How's That Working for You?
As an agile project leader, a big part of my job is coaching. A big part of coaching (as opposed to managing) is helping individuals and teams change, and change starts with feedback. But sometimes when I give feedback that does not validate what someone wants to do -- or, even worse, straight-up shoots it down -- they fight the feedback (and sometimes fight me). The person is looking for validation, but when you're trying to improve, you don't need validation. You need truth. My job as a coach is to speak the truth.
To initiate change you have to admit that what you are doing is not working. This can be challenging when our convictions are strong. As powerful as the ego is, it is also easily bruised and skilled at protecting itself. So rather than challenge the ego head-on, inspect what you're getting from what you're doing.
To do this, try these words: How's that working for you?
When someone is explaining their situation and asks for your opinion (or you feel compelled to offer your opinion), I suggest you first consider asking, "How's that working for you?" I have found that this simple question is a powerful tool for unfreezing current behaviors and safely inviting alternative actions.
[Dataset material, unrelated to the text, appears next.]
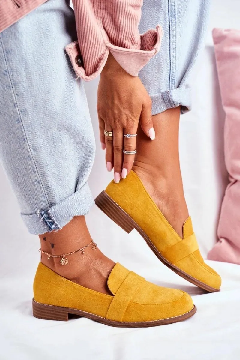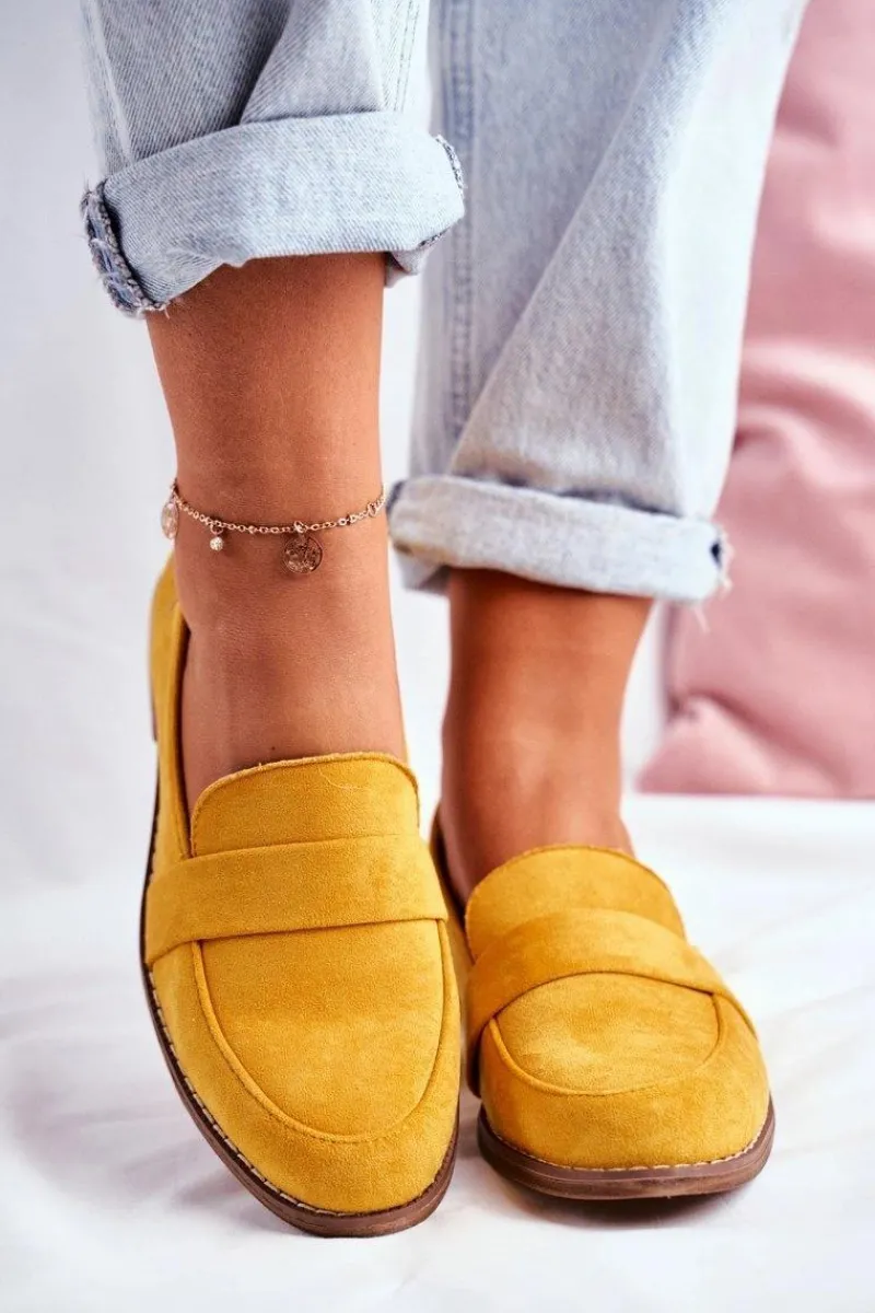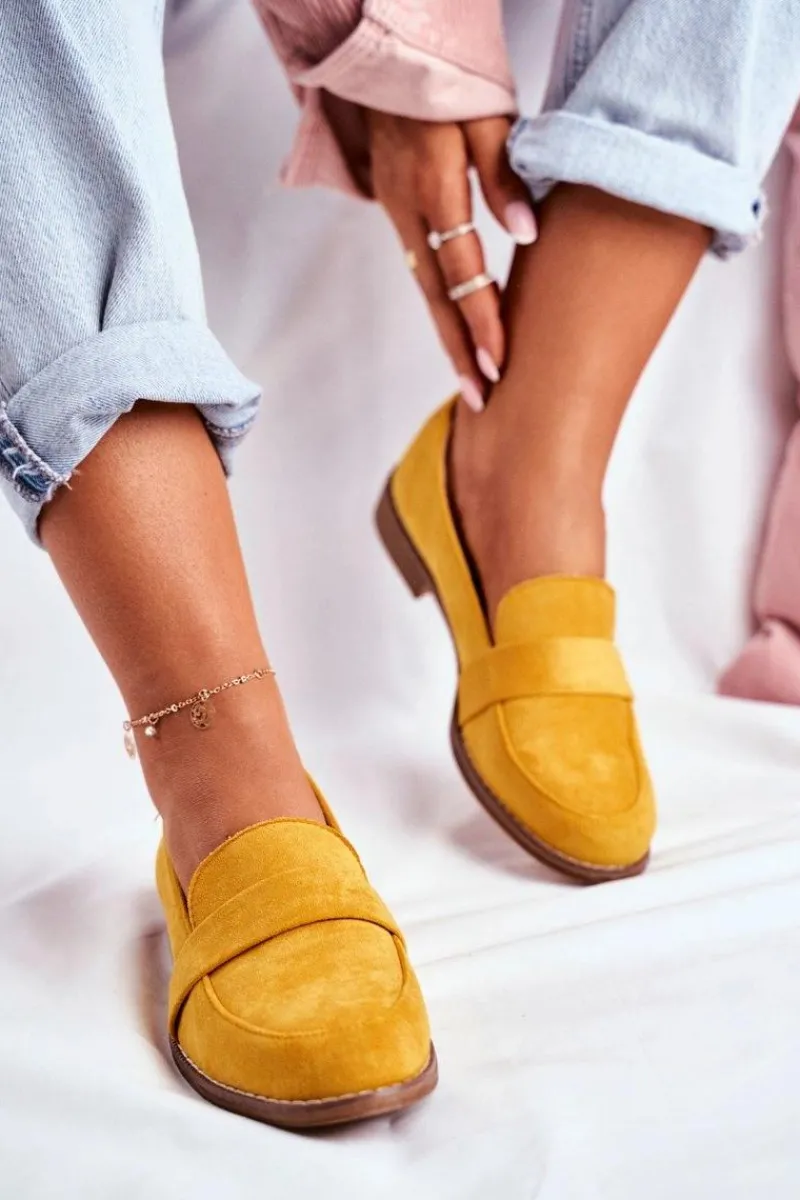 Outlet Boto Damskie Półbuty Zamszowe Żółte Cintra

Here's why this thought-provoking question works so well:
- It's an invitation to curiosity. Asking how something is working is an invitation to engage in a deeper conversation. If I just provide a quick response with my opinion on the situation, the other person might simply accept my response as somehow being authoritative, right or wrong, which might end the discussion. Inviting important information with this question promotes a deeper conversation.
- It's empirically focused. This question tests feelings, thoughts, and biases against cold, hard reality. You're not asking what they imagine or what they think. You're asking about their observation and awareness of what's really happening. Reality can be cruel, so it is not unusual to want to ignore it, but it is what it is. Deal with it.
- It's non-judgmental. Asking how it's working asks them to self-evaluate. You don't have to judge anything. It does, however, force intellectual honesty. Once they examine their own situation and collect factual data, they are likely to reach that uncomfortable moment of truth. They are forced to decide whether to accept what is or continue to deny it. By itself, the question does not provide the solution, but at least you know the answer is not to continue doing the same thing as before.
- It's self-reflective. Asking how something is working forces introspection. It solicits a self-analysis of the approach. Sometimes people have given the situation thoughtful consideration and can quickly provide their opinion on how things are going. But many times people haven't yet invested the effort to examine the situation and might be hoping I can save them the trouble by giving my opinion. Asking how it's going forces them to reflect on their own situation and take responsibility for it.
- It's largely binary. Usually it's either working or it isn't, and when it isn't, we all know it. The empirical evidence determines the answer, without subjective interpretation. No fuzziness. No hemming and hawing. Just a simple yes or no. A solid admission that it's not working tips the scale and breaks the emotional bond with the current behavior.
- It stops you from problem-solving. Those you coach may want you to provide answers, and you may feel compelled to oblige, but the reality is that you don't know everything. (Please don't tell my kids; as a dad, I'm still milking that one.) And even if you did have the answer, the change will be more sustainable if you can lead them to their own solution. Asking this question keeps you from immediately jumping into problem solving.
There is a proverb: When the student is ready, the teacher appears. All the coaching, instruction, and guidance in the world will never take root if the soil is not conditioned to accept it. This simple question loosens the hardened soil and prepares it for something new. It readies the student for learning and change.
While this question is a great coaching tool, the best part is that we can use it on ourselves too. We all get stuck from time to time, and this question invites us to look at our assumptions and actions and ask ourselves on a regular basis, "How's that working for me?" If the answer is "Not so great," then we can continue our monologue with, "So what do I plan to do about it?"
Once we are willing to admit that what we are doing is not working for us, the magic can start. The facts are undeniable; we said so ourselves. Turning back would be foolish. Now all that is left is to look forward and accept accountability for the change that is necessary.
There are many phrases my daughters would attribute to me and my parenting style, but I'm sure that if I were to ask them they would say this one is at the top of the list. I grew up in an environment where I was allowed to make my own mistakes, and I made a lot of them -- often the same ones over and over again, as my determination and pride were stronger than my common sense. My father typically sat patiently, waiting for the student to appear.